A procedural vote to allow the bill to proceed to formal debate and an eventual vote by the full Senate chamber failed by a count of 52-45 - short of the 60 votes required under Senate rules.

The Senate bill would have given Obama the authority to submit the Trans-Pacific Partnership (TPP) and an upcoming

US-Europe trade pact (TTIP)

to Congress for an up-or-down vote, and prevented lawmakers from amending any deal.

The Obama administration says it needs such authority in order to finalize trade talks with the other 11 TPP nations without Congress making changes to the agreement once negotiations are concluded.

Blocked by allies

The TPP is a massive trade deal that would unite 12 Pacific Rim countries in a free trade zone. Republicans, who largely support the bill, were shocked at the rebuke Obama received from his own party.

"What the Democrats are doing today…is throwing their own president under the bus," said Republican Senator John Thune.

"It's amazing to me that they would do this to the president, on a bill of this magnitude," said Senate Finance Committee Chairman Orrin Hatch. "It is the most important bill the president will have had in his presidency."

Despite the setback, the bill is not dead and Senate Majority Leader Mitch McConnell said he intends to bring up the measure again.

Obama for his part is reported to have held a "constructive session" with 10 Democratic senators opposed to the bill after Tuesday's vote.
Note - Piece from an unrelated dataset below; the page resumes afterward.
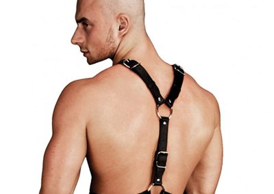 With a big O-ring in the middle of the chest area, set in strong black bonded leather and enhanced by sturdy rivets, this harness is an absolute eye-catcher! You will find another O-ring near the solar plexus, and two more on the back. The high-quality bonded leather straps are connected around the torso and over the shoulders. Adjustable buckles on each shoulder, on each side of the torso, and one on the back allow you to customize this harness to the perfect fit. Your hookups just got a whole lot hotter!

US critics of the TPP argue that joining 12 nations in a free trade zone would undercut wages and make it difficult for US workers to compete with cheap labor in pact partner lands like Vietnam, Malaysia, Peru and Chile.

"American workers cannot compete against workers in these countries where fundamental worker rights are not protected," said Democratic Senator and leading TPP critic Elizabeth Warren.

"Trust us to know what's good for workers. This ain't it" said Richard Trumka, president of America's largest labor union, the AFL-CIO, in an interview with AFP.